● **Work order**:
An exact restatement of the data is required, with the images omitted.

/---

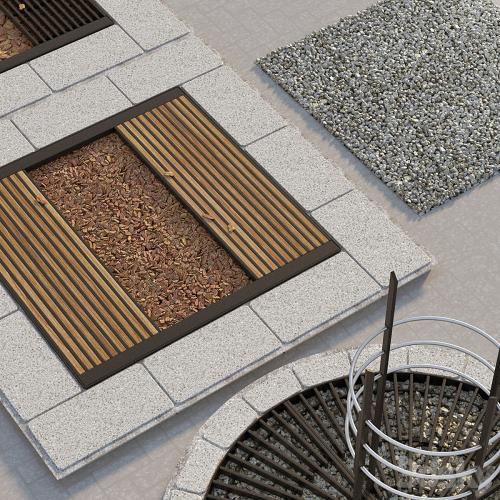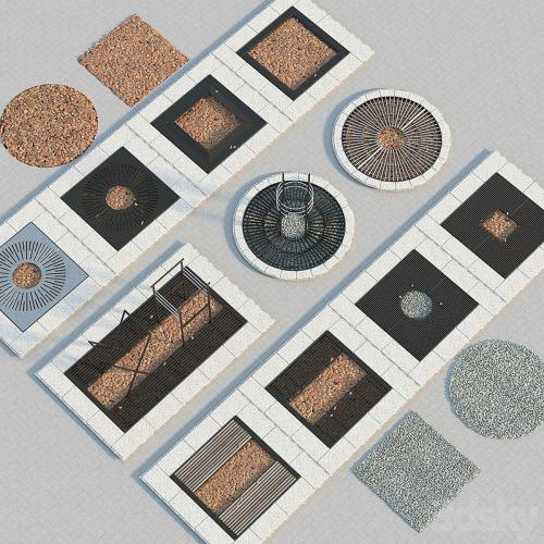 Decorative grilles for framing and protecting tree trunks. Models of chips and crushed granite are attached.
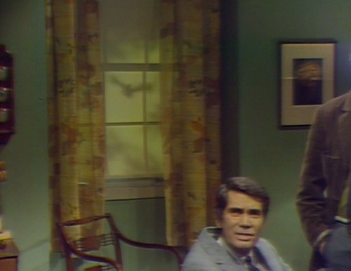 Anyway, focusing on the fashion is helping to take my mind off the dialogue. There’s nothing that’s particularly bad about it, but this is one of those episodes where people stand around speculating, and the audience is fully aware that they don’t have the essential information that they’d need to figure out whodunit.
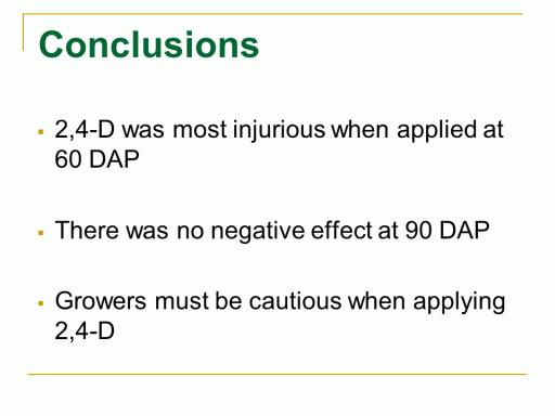 Conclusions<BR>2,4-D was most injurious when applied at 60 DAP <BR> <BR>There was no negative effect at 90 DAP <BR> <BR>Growers must be cautious when applying 2,4-D <BR>
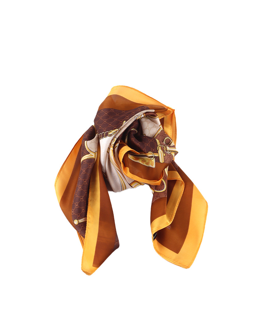 • Stijlvolle satijnen look sjaal met warme tinten en een stijlvolle print.
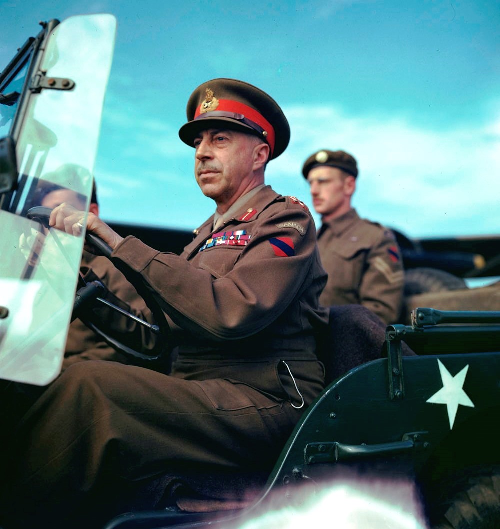 Corps Commander Gen. H.D.G. Crerar at the wheel of jeep accompanied by Brig. Cunningham and Brigade Major N. Kingsmill, 19 June 1944.
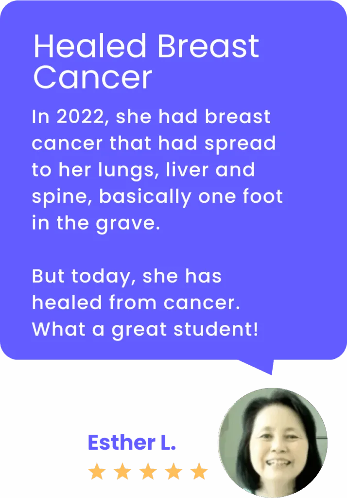 This is Esther, she healed her breast Cancer that spread to her lungs, liver and spine
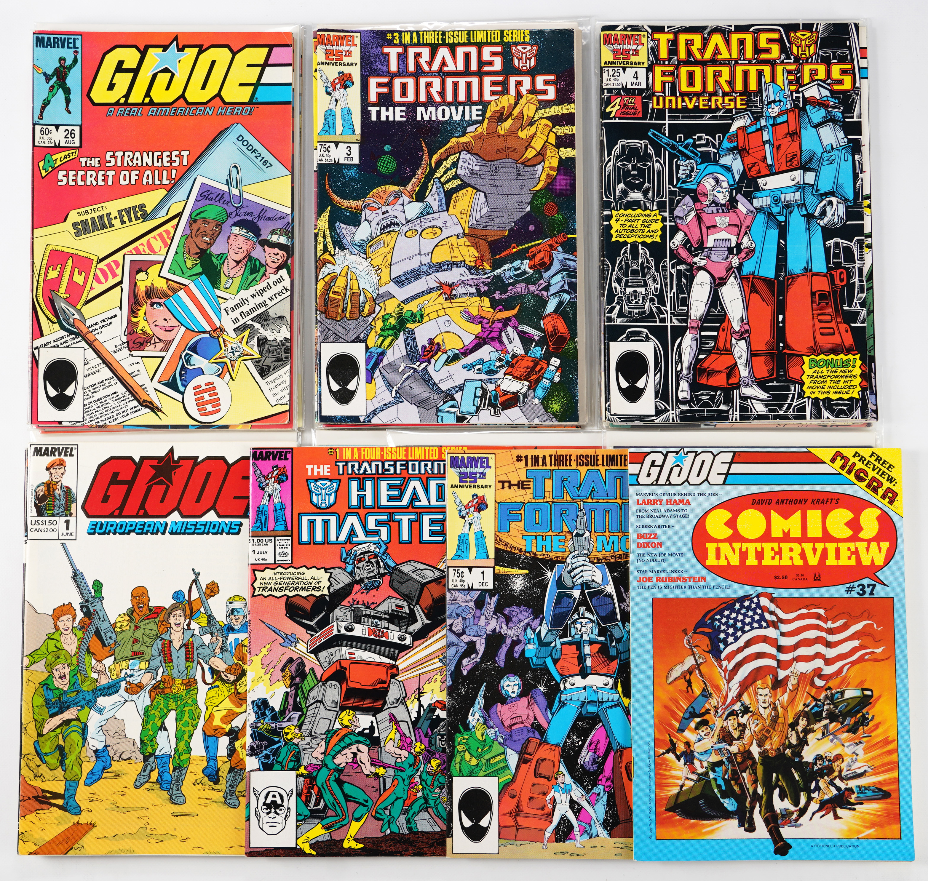1984-1989 Marvel The Transformers (23): 1 VG, 2, 3 Spider-Man black costume cover/appearance, 4, 5, 6 first Josie Beller, 7, 8 first full Dinobots, 9, 10, 14, 15, 16 Plight of the Bumblebee, 17, 18, 19 first Omega Supreme, 20, 21, 22, 23, 24, 53 Jim Lee cover, 54.

\---

● **Exercise answer**:
 Decorative grilles for framing and protecting tree trunks. Models of chips and crushed granite are attached.
 Anyway, focusing on the fashion is helping to take my mind off the dialogue. There’s nothing that’s particularly bad about it, but this is one of those episodes where people stand around speculating, and the audience is fully aware that they don’t have the essential information that they’d need to figure out whodunit.
 Conclusions<BR>2,4-D was most injurious when applied at 60 DAP <BR> <BR>There was no negative effect at 90 DAP <BR> <BR>Growers must be cautious when applying 2,4-D <BR>
 • Stijlvolle satijnen look sjaal met warme tinten en een stijlvolle print.
 Corps Commander Gen. H.D.G. Crerar at the wheel of jeep accompanied by Brig. Cunningham and Brigade Major N. Kingsmill, 19 June 1944.
 This is Esther, she healed her breast Cancer that spread to her lungs, liver and spine
1984-1989 Marvel The Transformers (23): 1 VG, 2, 3 Spider-Man black costume cover/appearance, 4, 5, 6 first Josie Beller, 7, 8 first full Dinobots, 9, 10, 14, 15, 16 Plight of the Bumblebee, 17, 18, 19 first Omega Supreme, 20, 21, 22, 23, 24, 53 Jim Lee cover, 54.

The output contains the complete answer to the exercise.